- DVD cover
- Directed by: Jeremy Sims
- Screenplay by: Reg Cribb
- Based on: The Return by Reg Cribb
- Produced by: Lisa Duff Greg Duffy Sue Taylor
- Starring: Steve Le Marquand Tom Budge Gigi Edgley
- Cinematography: Toby Oliver
- Edited by: Merlin Cornish
- Distributed by: Intandem Films
- Release date: 14 September 2006 (Australia);
- Running time: 89 min
- Country: Australia
- Language: English
- Budget: $1.2m
- Box office: $102,726

= Last Train to Freo =

Last Train to Freo is a 2006 Australian film based on Reg Cribb's 2001 play The Return, and directed by Jeremy Sims.

==Synopsis==
Two thugs from the Perth suburb of Midland catch the last train to Fremantle.

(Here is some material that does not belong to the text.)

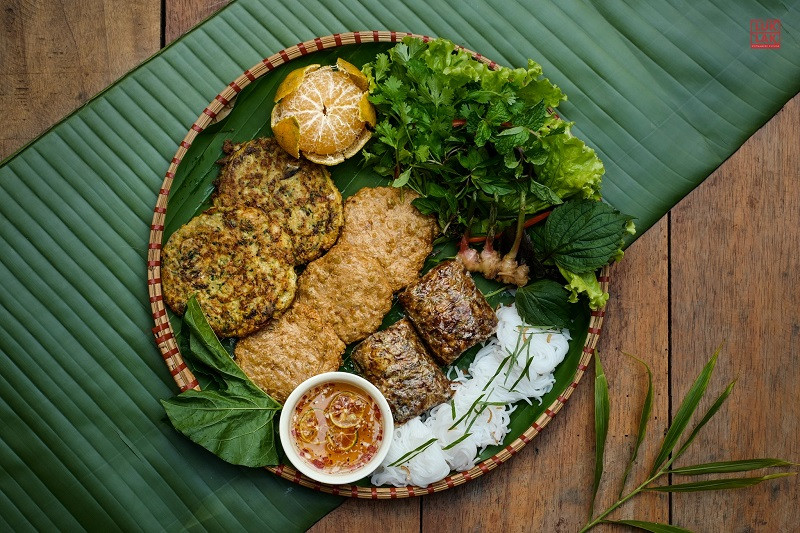 | A variety of Hanoi specialties like cha ruoi (sandworm omelet), cha com (young sticky rice sausage) or spring rolls are always available at the restaurant of Luklak Vietnamese Cuisine |

When a young woman, unaware that the train guards are on strike, boards the train several stops later, the thugs are interested by her. After two others – an older woman and a silent man – board the train, it becomes apparent that not everybody on the train is who they appear to be.

==Cast==
- Steve Le Marquand – the Tall Thug
- Tom Budge – Trev
- Gigi Edgley – Lisa
- Glenn Hazeldine – Simon
- Gillian Jones – Maureen
- Lisa Hensley – voice of train announcer
- Reg Cribb – man on platform

==Awards==
2006 Australian Film Institute
- Best Lead Actor – Steve Le Marquand – nomination
- Best Screenplay – Adapted – Reg Cribb – nomination
- Best Supporting Actor – Tom Budge – nomination

Film Critics Circle of Australia Awards
- Best Actor in a Lead Role – Steve Le Marquand – nomination
- Best Actor in a Supporting Role – Tom Budge – nomination
- Best Actress in a Lead Role – Gigi Edgley – nomination
- Best Actress in a Supporting Role – Gillian Jones – nomination
- Best Screenplay – Adapted – Reg Cribb – nomination

==Box office==
Last Train to Freo grossed $102,726 at the box office in Australia.